Would you know how to keep yourself cool on a hot summer day?
Here is what you should do to avoid the symptoms of heat exhaustion, heatstroke and dehydration:
- stay hydrated by drinking cold drinks regularly, such as water and fruit juice
- avoid excess alcohol, tea and coffee
- wear loose clothing
- don’t leave people or animals unattended in a closed, parked vehicle or in direct sunlight especially young children
- take cool baths and showers and splash yourself with cool water;
- move to the shade and draw curtains in the home.
It’s a hot day and someone near you has just fainted. What would you do in this situation?
If someone feels unwell, get them somewhere cool to rest. Give them plenty of fluids to drink. If symptoms such as breathlessness, chest pain, confusion, weakness, dizziness or cramps get worse or don’t go away, seek medical help.
Safe in the sun
Skin cancer is one of the most common cancers in the UK and the number of people who develop it is increasing. The majority of cases are caused by ultraviolet radiation from the sun or sunbeds. To protect yourself:
- do not use sunbeds
- check out the UV levels and the weather for the day to assess the risk of sunburn
- use shade, clothing and a minimum of SPF15+ sunscreen applied regularly and generously to protect you
- wear sunglasses that have UV protection labels
- keep an eye out for changes to your moles and skin and report these to your doctor
Skin cancer is much easier to treat if it is found early, visit the Sunsmart website for advice on protection and detection.
Out and about with your friends and/or your family? Make sure you all follow these great safety tips
For most walkers and beach-goers the experience is trouble-free, but it’s best to be prepared for the potential risks you can encounter when out in the UK countryside:
- don’t forget to pack antibacterial wipes or hand gel for use outdoors
- have an agreed meeting point in case members of your group get separated
- charge your mobile phone and put an emergency contact telephone number in under ‘ICE’ = In Case of Emergency
- don’t leave children unattended near water
- check out all the hazards when you go on holiday or on trips. Accidents tend to happen on the first or last day of the holiday
- know where you are, take notes of landmarks etc just in case you need emergency services
Staying safe at festivals
Music festivals are one of the highlights of the British summer, attracting hundreds of thousands of fans of all ages, every year.
Whether you’ll be moshing in the mud at Reading or drinking and dancing at the Virgin festival, there are common health hazards that can be avoided.
Make sure you’ve know where your nearest AED is
Finding a defib at a rock concert sounds impossible, but if you download our app it’s as easy as opening Google!
Be appropriately supportive to your friends when they drink alcohol
How do you help your mates when they are busy drinking beer?
On medication? Get this sorted before going festivalling
First aiders are not allowed to hand out medication except over-the-counter remedies such as paracetamol. If you’re on any medication, bring your supply with you and take it as prescribed. Try not to mix medicines and drink as it will make you sick.
Find out where the site’s medical centres are when you arrive. If you think you may need assistance with an existing medical condition, make yourself known to the medical staff on your arrival.
Using a sun cream with a minimum factor of 15, and applying it regularly, will give you protection from harmful UVA and UVB rays.
Drink plenty of water. Have a bottle of water with you at all times.
Waterproofs and warm clothing are essential.
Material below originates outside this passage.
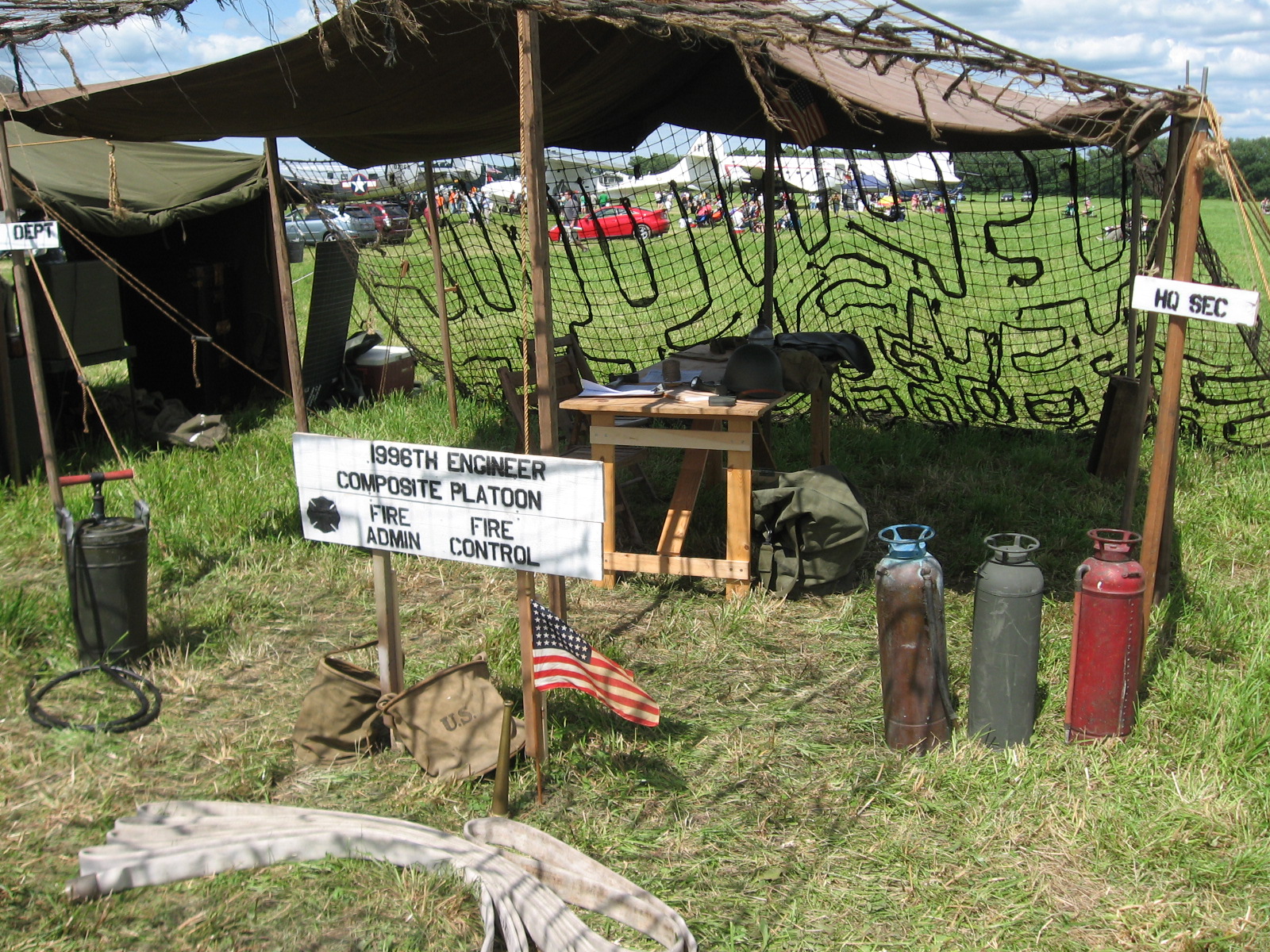Our friend Zach Mateja is a WWII reenactor and member of the Airmen's Preservation Society. Zack recreates the 1996th Engineer Aviation Fire Fighting Platoon at airshows and other events. Here is Zach manning the Headquarters Section of the 1996th at the Genesco Air Show in July of this year. It is hoped that sometime in the future the Corps of Engineers will issue the platoon a Class 135 crash truck. Thanks Zack for the pixs and a job well done. |

People can get hypothermia (when your body temperature drops below safe levels) at festivals when the temperature drops at night, especially if their clothes are damp from sweat.
Camping gas accidents are the most common cause of serious burns at festivals. Never change gas canisters in or near a tent. Check that the canister is threaded properly before lighting.
Mobile phone coverage at many festivals can be unreliable. If you get separated from your friends, have an arranged meeting spot and time.
In case of an emergency, the festival stewards are there to help.